À cet égard, même si nous donnons un caractère humain à la machine, il est essentiel de se souvenir que cette « humanité » est constituée de traits artificiels déterminés et attribués par l’humain. Il ne faut pas se perdre dans la technologie comme si elle était le parfait reflet de nous-mêmes, et ce même si elle contient une part de nous. De plus, dans un avenir qui promet des situations complexes liées à ces problématiques, il devient primordial de bien choisir les configurations que nous donnons à nos créations artificielles. À cet effet, la science-fiction spéculative offre un vaste terrain d’expérimentation où de nombreuses configurations peuvent être testées pour envisager les relations que nous voudrons (ou ne voudrons pas) entretenir avec les nouvelles technologies que nous aurons créées.

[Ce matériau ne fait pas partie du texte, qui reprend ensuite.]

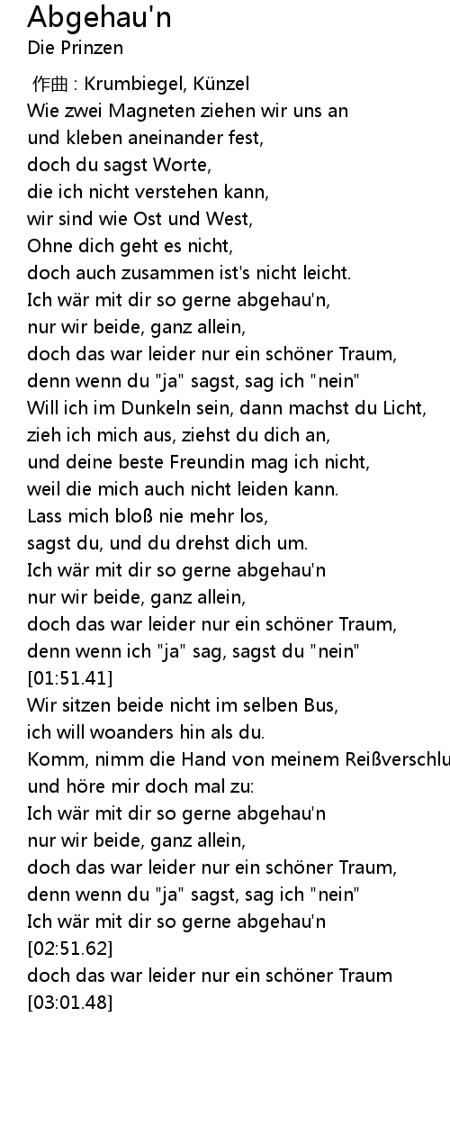 | [01:46.52] | denn wenn ich " ja" sag, sagst du " nein" |
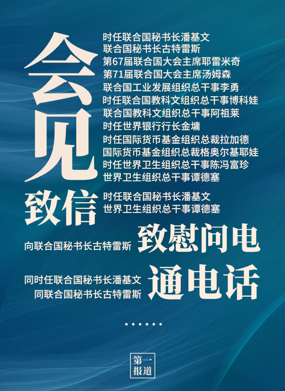 2013年以来,习主席通过会见、通话、致信函等多种方式同联合国主要官员保持密切沟通。互动对象包括联合国秘书长、联合国大会主席,还有联合国工业发展组织、联合国教科文组织、世界银行、国际货币基金组织、世界卫生组织等联合国专门机构主要负责人。

Conclusion : imaginons le futur
En conclusion, cette réflexion montre comment la science-fiction spéculative permet d’imaginer l’impact de certaines technologies sur l’être humain. Les expérimentations fictives d’Olga Ravn dans Les employés permettent d’explorer l’inconnu dans et par l’imaginaire. Un imaginaire qu’il ne faut pas appréhender comme factice, car il s’incarne dans des enjeux, des affects et des situations réelles qui résonnent dans notre contemporanéité41.
Dans un monde de plus en plus régi par la technologie, l’étude du roman d’Olga Ravn nous invite à ne pas oublier de réfléchir à ce qui constitue notre humanité, une humanité qui entre parfois en friction avec les impératifs technologiques. Plutôt que de voir ces contraintes humaines humaines comme une limite, il faut les envisager comme des avertissements et des orientations pour nous guider vers un futur pensé pour l’humain. Comme le déclare un ressemblant (cyborg) dans Les employés, « les humains sont peut-être justement cette part de chaos qui maintient le monde en vie » (Ravn, 2020, p. 127-128).
Par ailleurs, la science-fiction spéculative peut jouer un rôle crucial pour nous permettre de réfléchir aux différents enjeux technologiques qui ne sont pas encore en application dans nos sociétés, mais qui peuvent devenir des réalités dans un futur proche. À cet effet, la fiction constitue un pont efficace pour explorer ces régions inconnues, mais importantes, de l’avenir. En 1977, dans sa leçon inaugurale au collège de France, Roland Barthes affirmait que la littérature « ne dit pas qu’elle sait quelque chose, mais qu’elle sait de quelque chose42 ». C’est donc au texte littéraire, à travers une pensée et une interrogation construite par les textes, de déterminer la nature de ce « quelque chose ». Un « quelque chose » qui, dans le cadre expérimental et réflexif de la science-fiction spéculative, peut s’avérer fondamental pour construire le monde de demain.